→ What is expected:
All pictures must be left out as you transcribe the lines from the first line of the data to the line containing "A classic sweater", both included.

Stored items:
☆ ☆ ☆ ☆

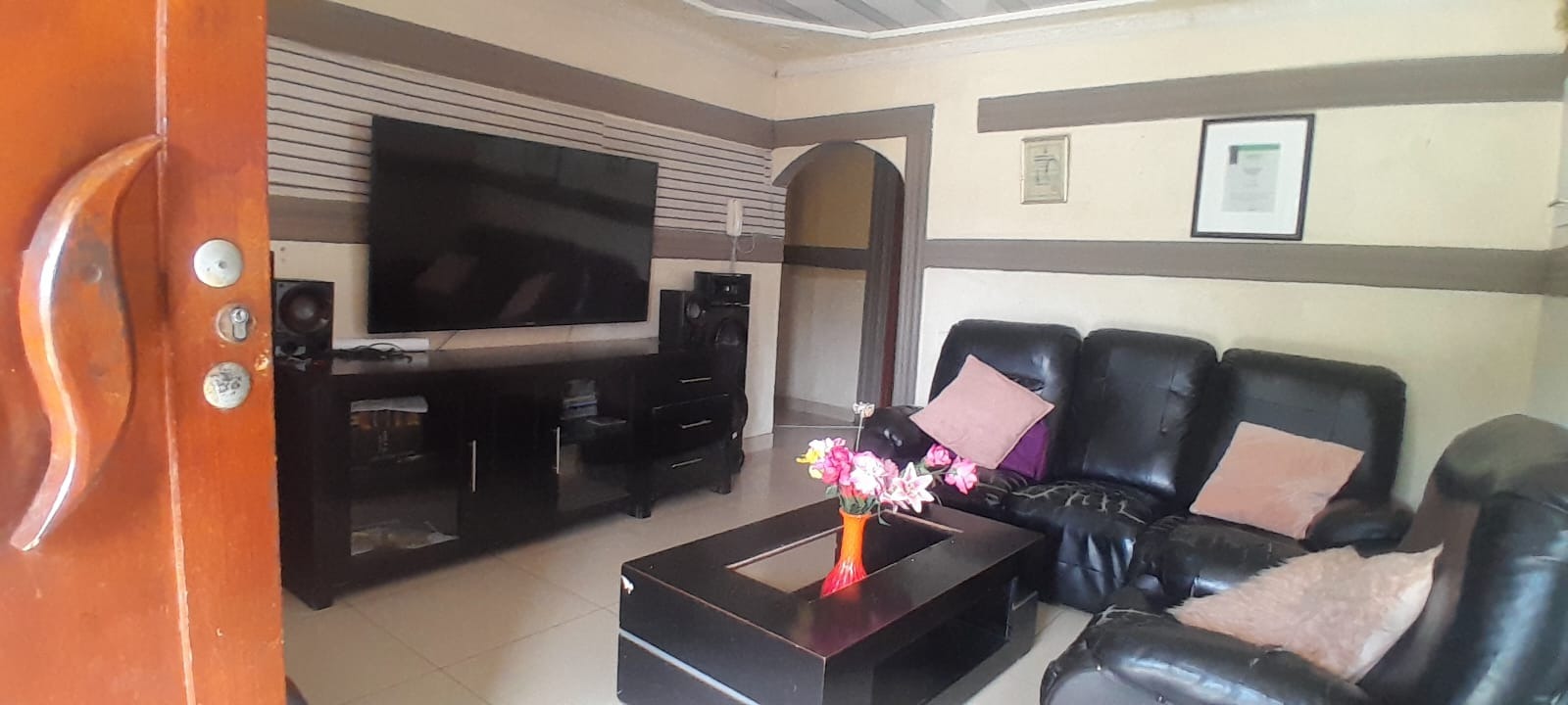Step inside to find thoughtfully arranged living spaces, including two spacious lounges and a dedicated dining room, providing ample room for relaxation and social gatherings. The well-appointed kitchen caters to all culinary needs. The home features four comfortable bedrooms, with the main bedroom benefiting from a private en-suite bathroom, complemented by a second family bathroom. Sliding doors and special doors enhance the flow and natural light throughout the property.
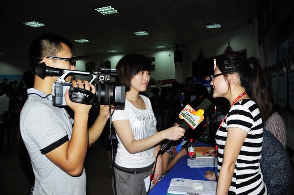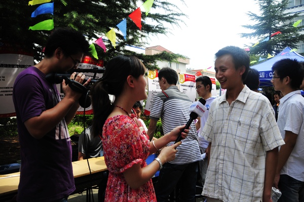 參加應(yīng)聘的學(xué)生接受合肥電視臺記者的 采訪
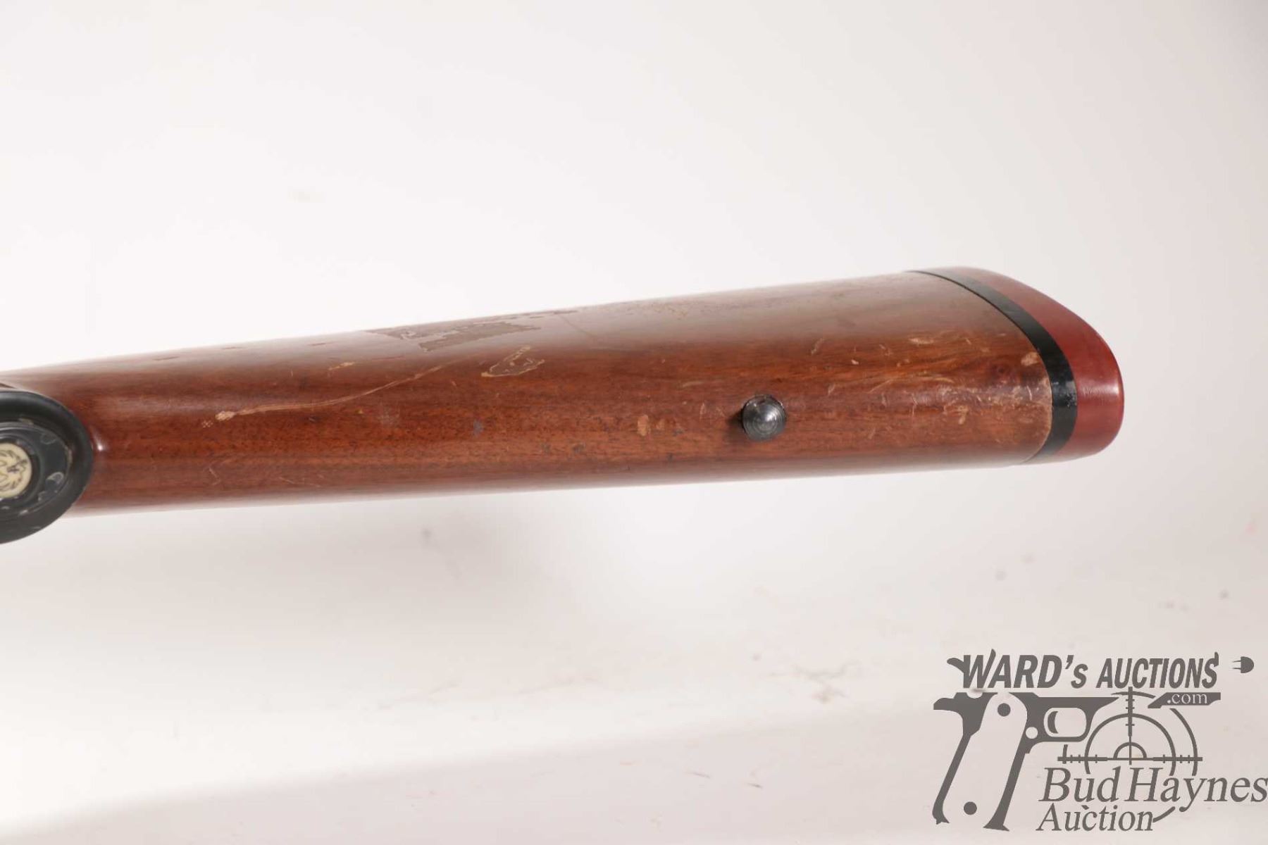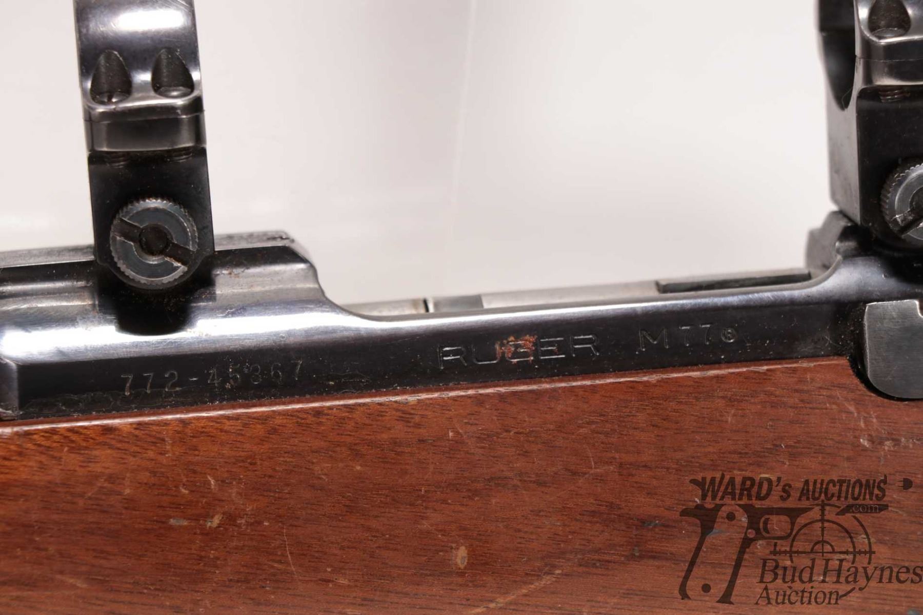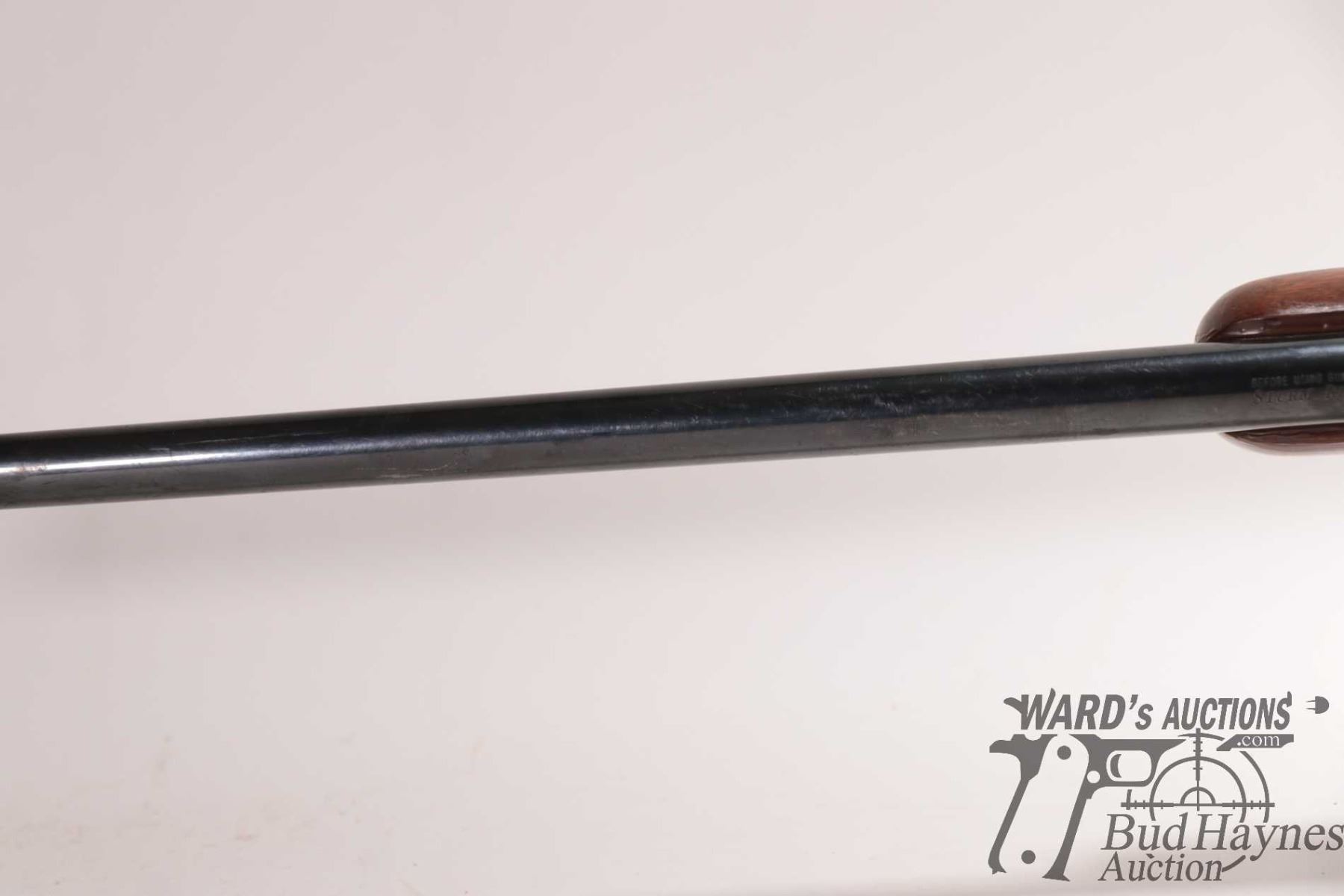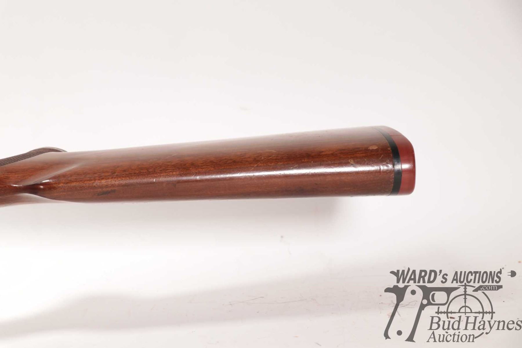 Non-Restricted rifle Ruger model M77, 220 Swift bolt action, w/ bbl length 24" [Blued barrel and receiver. No fixed sights. Fitted with 1" rings. Internal box magazine. Hardwood stock. Mechanically appears to function well. Bluing worn in use and handling areas. Receiver drilled and tapped for non Ruger scope mount. Some surface rust and pitting on metal. Nicks, dings and gouges and other use, handling and storage marks.] serial # 77245367, PAL required
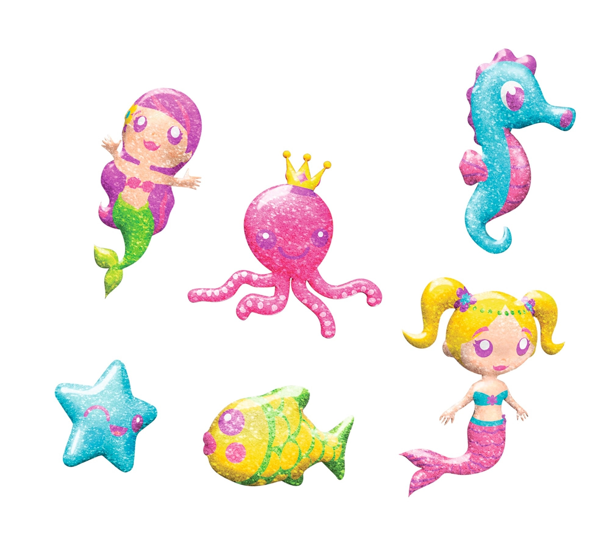 A keskeny fúvókás applikátoros flakonok megkönnyítik a színezést és az apró részletek kidolgozását. A csillámok bájos fényt kölcsönöznek a tengeri figuráknak.
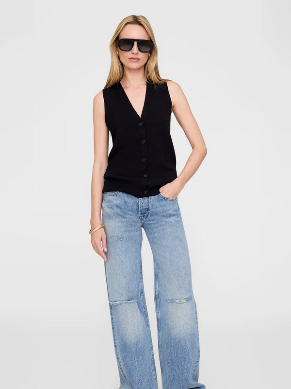 A classic sweater vest crafted by Anine Bing from a lightweight merino-silk blend with ribbed structure throughout
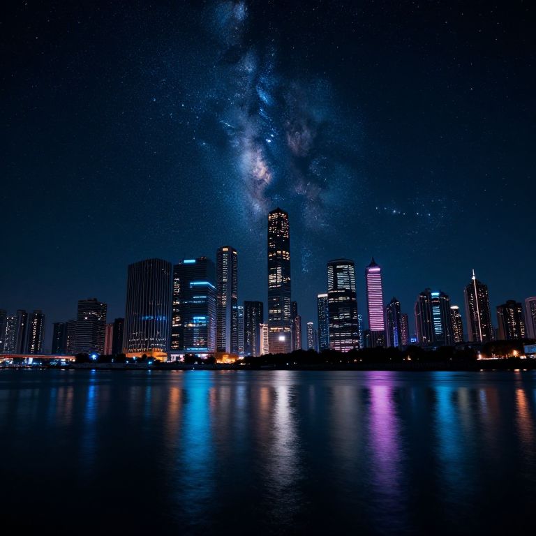 Starry night images free, futuristic city skyline under a spectacular starry night, neon reflections shimmering on river waters, stars twinkling intensely with hints of galaxy clusters, sleek modern architecture contrasting with natural dark sky, cinematic lighting
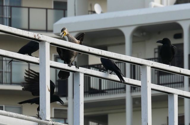 《 揉めごと 》 鵜とカラスで何やら揉めごとが…
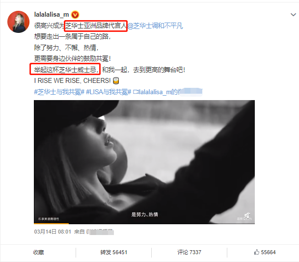 据悉,作为泰国籍的Lisa在3月14日官宣成为某威士忌品牌宣传大使。在此期间,Lisa拍摄品牌广告并参加了其宣传活动,相关视频在社交平台传播。
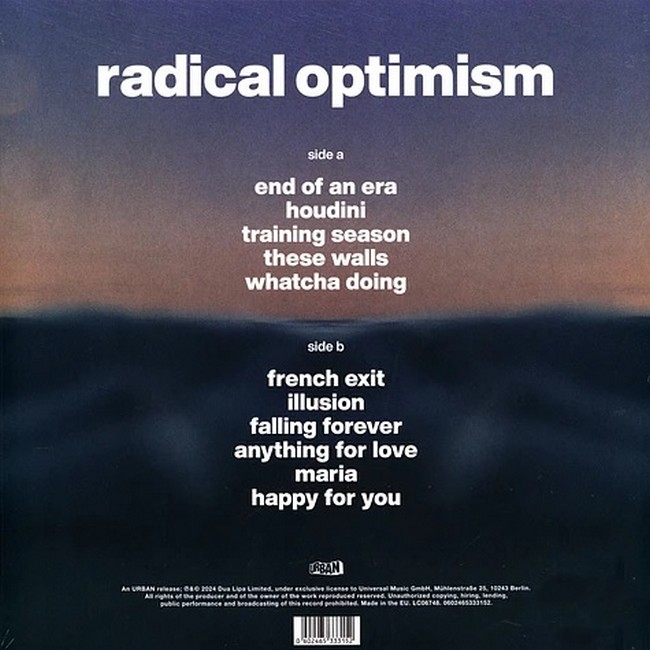Фірмова вінілова платівка (VINYL)Radical Optimism is the third studio album by English-Albanian singer Dua Lipa, released on 3 May 2024 by Warner Records. It is her first full-length studio album release in four years since Future Nostalgia (2020). Lipa worked on Radical Optimism with producers such as Kevin Parker, Danny L Harle, Ian Kirkpatrick, and Andrew Wyatt. The album was preceded by three singles: "Houdini", "Training Season", and "Illusion".
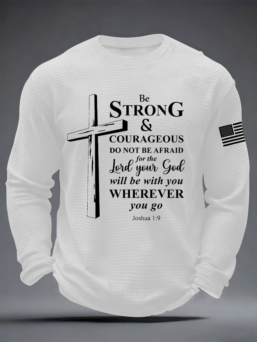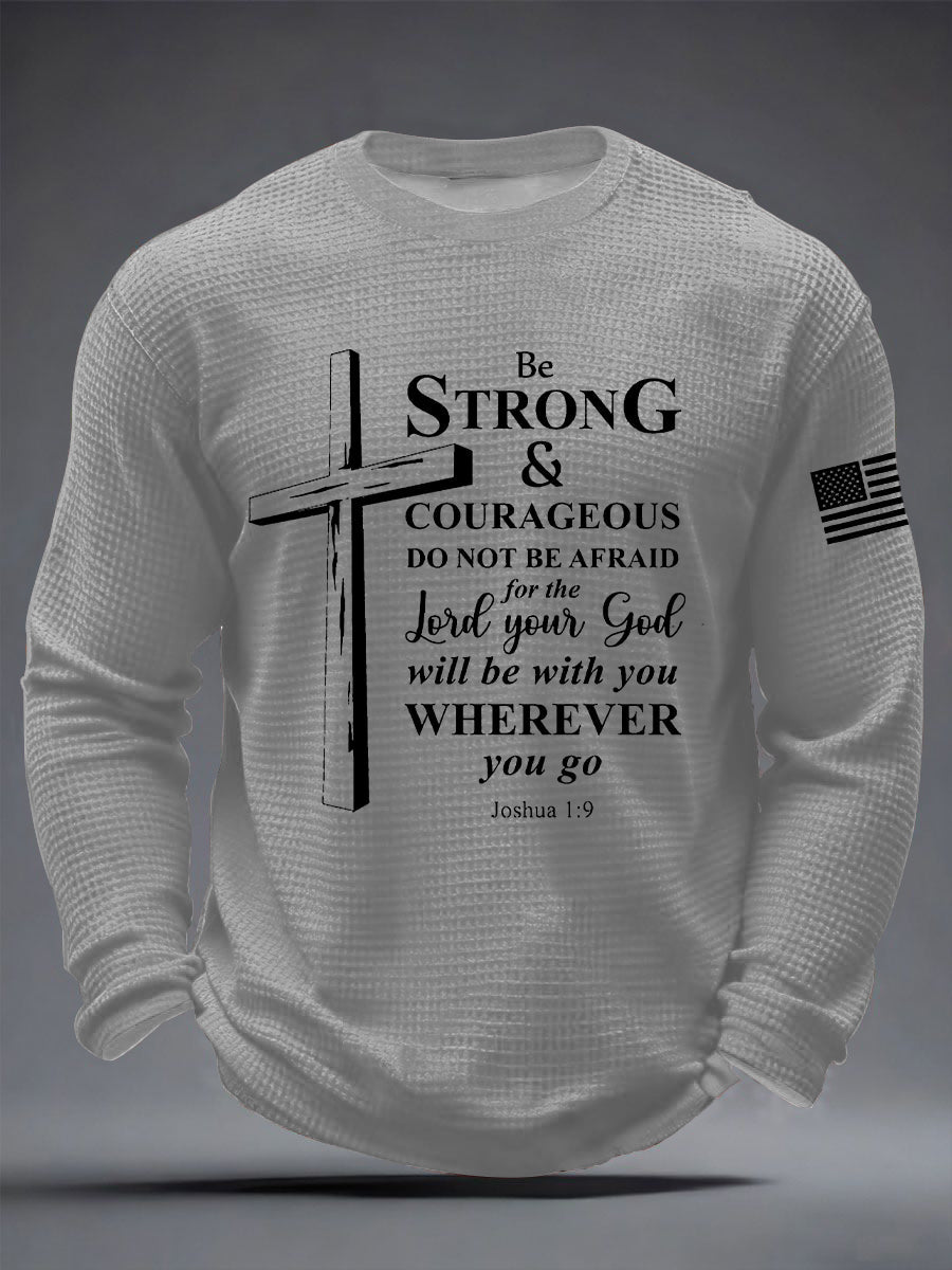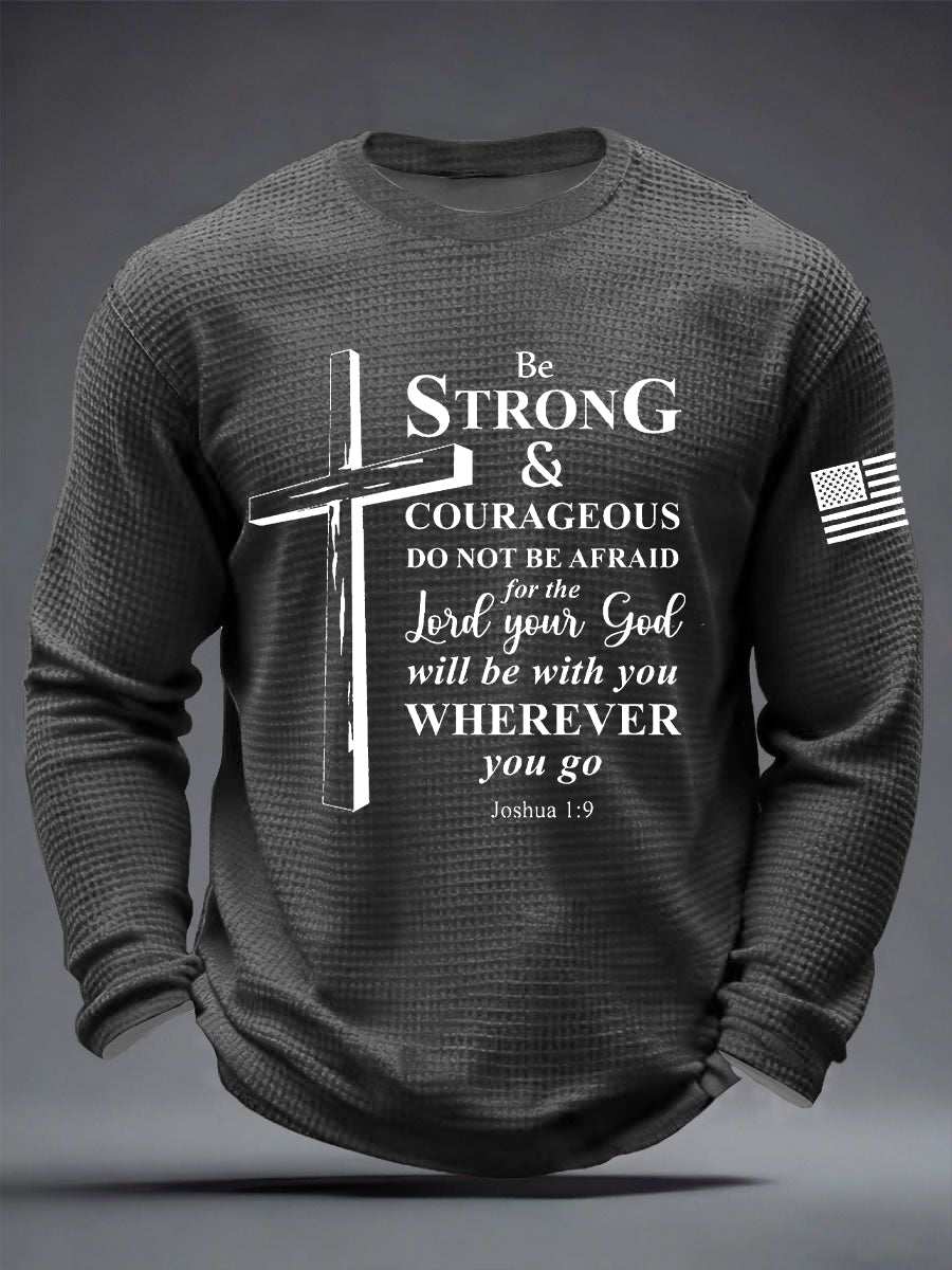 Men's Christian Cross Be strong and courageous sign Joshua 1:9 Waffle Long Sleeve T-Shirt

☆ ☆ ☆ ☆

→ Result:
Step inside to find thoughtfully arranged living spaces, including two spacious lounges and a dedicated dining room, providing ample room for relaxation and social gatherings. The well-appointed kitchen caters to all culinary needs. The home features four comfortable bedrooms, with the main bedroom benefiting from a private en-suite bathroom, complemented by a second family bathroom. Sliding doors and special doors enhance the flow and natural light throughout the property.
 參加應(yīng)聘的學(xué)生接受合肥電視臺記者的 采訪
 Non-Restricted rifle Ruger model M77, 220 Swift bolt action, w/ bbl length 24" [Blued barrel and receiver. No fixed sights. Fitted with 1" rings. Internal box magazine. Hardwood stock. Mechanically appears to function well. Bluing worn in use and handling areas. Receiver drilled and tapped for non Ruger scope mount. Some surface rust and pitting on metal. Nicks, dings and gouges and other use, handling and storage marks.] serial # 77245367, PAL required
 A keskeny fúvókás applikátoros flakonok megkönnyítik a színezést és az apró részletek kidolgozását. A csillámok bájos fényt kölcsönöznek a tengeri figuráknak.
 A classic sweater vest crafted by Anine Bing from a lightweight merino-silk blend with ribbed structure throughout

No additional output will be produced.